这个过程最后的结果貌似没有记录,,有待以后测试

2.2.3、把原来集群的云主机冷迁移到新创建的集群二

另一种冷迁移方式类似于vmware workstation中虚拟机的迁移一样

实例处理:

实例选择linux的系统,在系统中

创建目录、编辑文件,迁移后查看创建的目录和修改的文档是否正常

迁移之前关闭要迁移的实例

查看实例所在目录下的文档信息

[[email protected] 2dccde39-31a4-48d5-8f62-0f963ffec481_copy]# ll

total 6896

-rw-r-----. 1 root root       1 Apr 30 10:18 console.log

-rw-r--r--. 1 root root 7536640 Apr 30 10:18 disk

-rw-r--r--. 1 root root      79 Apr 30 10:18 disk.info

-rw-r--r--. 1 root root    1635 Apr 30 10:18 libvirt.xml

[[email protected] 2dccde39-31a4-48d5-8f62-0f963ffec481_copy]# qemu-img convert -O qcow disk disk4

把镜像disk4拷贝到YUN-11上(YUN-11是YUN-17所在集群的控制节点)

添加镜像

[[email protected] ~(keystone_admin)]# glance add name=test-26 is_public=true container_format=bare disk_format=raw < /root/disk4

Added new image with ID: 3573cf89-7697-48cd-b07c-51344f416156

在dash中从test-26镜像启动一个云主机

启动成功,之后进入该系统的控制台,发现主机中的目录和文件保存完整

如果出现在绑定浮动IP后云主机PING不通的现象,如下面所示:

从镜像test-27启动的实例在绑定浮动ip后,发现外部的机器PING不通

解决办法:

进入实例发现网卡是eth1,但是网卡配置文件时ifcfg-eth0,配置文件中没有MAC和IP的信息,只是BOOTPROTO=dhcp

对比正常的实例

正常的实例网卡是eth0,网卡配置文件是ifcfg-eth0,配置文件也中没有MAC和IP的信息,只是BOOTPROTO=dhcp

另外发现使用cirros镜像的实例所做的迁移,没有出现这样的情况,在绑定浮动IP后,外部机器可以PING通

所做处理

在test-27实例上,修改网卡配置文件

mv ifcfg-eth0 ifcfg-eth1

修改文件参数

vi ifcfg-eth1

DEVICE=eth0

to

DEVICE=eth1

保存修改后重启网络

发现外部机器可以ping通该实例

2.3、Ceph测试前升级系统内核

2.3.1、升级内核出现的问题一

升级内核步骤如下

查看现在系统的内核参数

[[email protected] ~]# uname -r

2.6.32-431.el6.x86_64

上传内核源码包linux-3.19.3.tar.xz

解压

# tar -Jxvf linux-3.19.3.tar.xz -C /usr/src

安装需要的组件

# yum install -y gcc

# yum install -y ncurses ncurses-devel

# yum install -y bc

调整参数

# make menuconfig

编译安装

# make

# make modules_install install

异常:

sh ./arch/x86/boot/install.sh 3.19.3 arch/x86/boot/bzImage \

System.map "/boot"

ERROR: modinfo: could not find module ipt_MASQUERADE

ERROR: modinfo: could not find module iptable_nat

ERROR: modinfo: could not find module crc_t10dif

ERROR: modinfo: could not find module scsi_tgt

修改启动项

# vi /boot/grub/grub.conf

default=1

to

default=0

# reboot

在升级内核之前就已经存在openstack环境

系统启动之后出现的状况:

实例启动失败

恢复状态失败

[[email protected] ~(keystone_admin)]# nova reset-state test

[[email protected] ~(keystone_admin)]# nova stop test

[[email protected] ~(keystone_admin)]# nova start test

ERROR: Instance 93efe724-7288-4269-92d7-0346a00a724a in vm_state error. Cannot start while the instance is in this state. (HTTP 409) (Request-ID: req-d080c99c-e18a-4013-b677-d0ac98bf4575)

创建实例失败

[[email protected] ~]# nova boot --image test-mini --flavor 1 test-1 --availability-zone nova:YUN-15 --nic net-id=e49ae481-4

ERROR: You must provide a username via either --os-username or env[OS_USERNAME]

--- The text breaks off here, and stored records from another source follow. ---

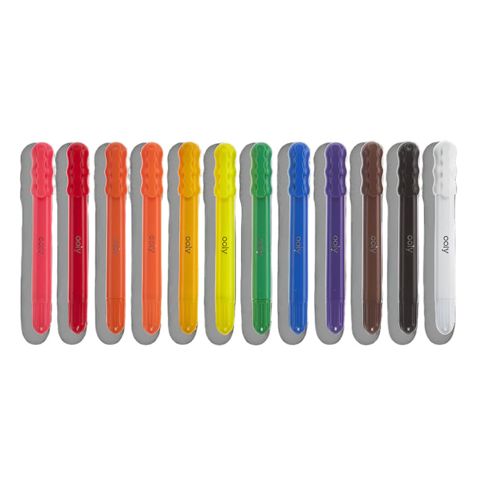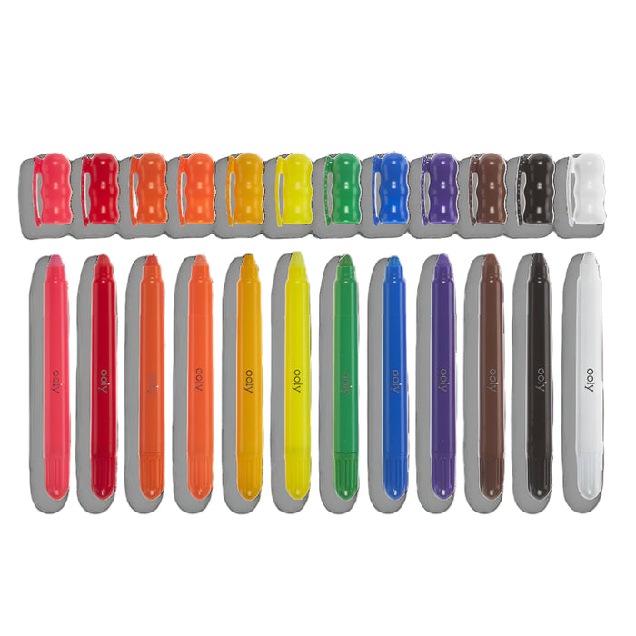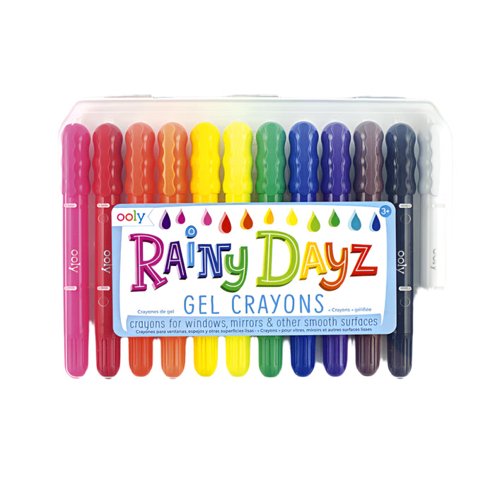 • Make your windows, mirrors and glass surfaces works of art. Rainy Dayz Gel Crayons draws vibrant and bold colors on glass surfaces... and paper too. And for an extra special touch use a wet paintbrush to add amazing watercolor effects too. Comes in 12 bright colors and cleans off easily.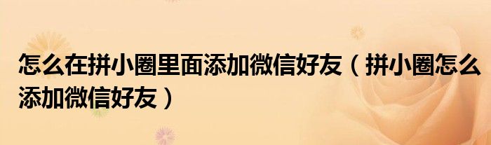 大家好,跳跳为你解答以上问题。怎么在拼小圈里面添加微信好友,拼小圈怎么添加微信好友这个问题很多人还不知道,现在让我们一起来看看吧!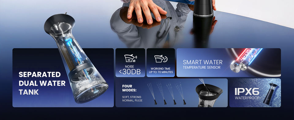 Kit de limpieza de oídos eléctrico portátil con tanque dual separado, resistente al agua, elegible para FSA/HSA, ergonómico, para cuidado personal en casa

在dashboard中查看“管理员”---“主机集合”,可以看到YUN-15的服务为停止状态

在YUN-15主机上

# service openstack-nova-compute restart

再次创建实例

出错信息:

错误:创建实例“test-1”失败: 请稍后再试[错误: Unexpected vif_type=binding_failed].

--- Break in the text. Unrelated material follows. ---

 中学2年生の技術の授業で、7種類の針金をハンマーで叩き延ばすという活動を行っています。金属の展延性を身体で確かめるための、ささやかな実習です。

用命令查看异常的主机YUN-15和正常的主机服务的区别

[[email protected] ~]# openstack-status

== Nova services ==

openstack-nova-api:                     dead      (disabled on boot)

openstack-nova-compute:                 active

openstack-nova-network:                 dead      (disabled on boot)

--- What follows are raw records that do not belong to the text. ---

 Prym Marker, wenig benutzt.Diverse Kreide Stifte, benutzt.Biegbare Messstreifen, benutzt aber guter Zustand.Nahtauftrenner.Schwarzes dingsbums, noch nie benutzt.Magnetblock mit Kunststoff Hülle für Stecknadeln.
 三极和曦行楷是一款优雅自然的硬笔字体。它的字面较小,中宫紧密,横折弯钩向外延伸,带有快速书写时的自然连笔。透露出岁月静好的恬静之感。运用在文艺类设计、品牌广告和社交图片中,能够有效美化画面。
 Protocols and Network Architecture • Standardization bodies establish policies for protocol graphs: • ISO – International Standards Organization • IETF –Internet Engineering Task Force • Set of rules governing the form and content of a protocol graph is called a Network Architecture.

openstack-nova-scheduler:               dead      (disabled on boot)

== neutron services ==

neutron-server:                         inactive  (disabled on boot)

neutron-dhcp-agent:                     inactive  (disabled on boot)

neutron-l3-agent:                       inactive  (disabled on boot)

neutron-metadata-agent:                 inactive  (disabled on boot)

neutron-lbaas-agent:                    inactive  (disabled on boot)

neutron-openvswitch-agent:              active

== Ceilometer services ==

openstack-ceilometer-api:               dead      (disabled on boot)

openstack-ceilometer-central:           dead      (disabled on boot)

openstack-ceilometer-compute:           active

openstack-ceilometer-collector:         dead      (disabled on boot)

== Support services ==

libvirtd:                               active

openvswitch:                            active

messagebus:                             active

Warning novarc not sourced

[[email protected] ~]# openstack-status

== Nova services ==

openstack-nova-api:                     dead      (disabled on boot)

openstack-nova-compute:                 active

openstack-nova-network:                 dead      (disabled on boot)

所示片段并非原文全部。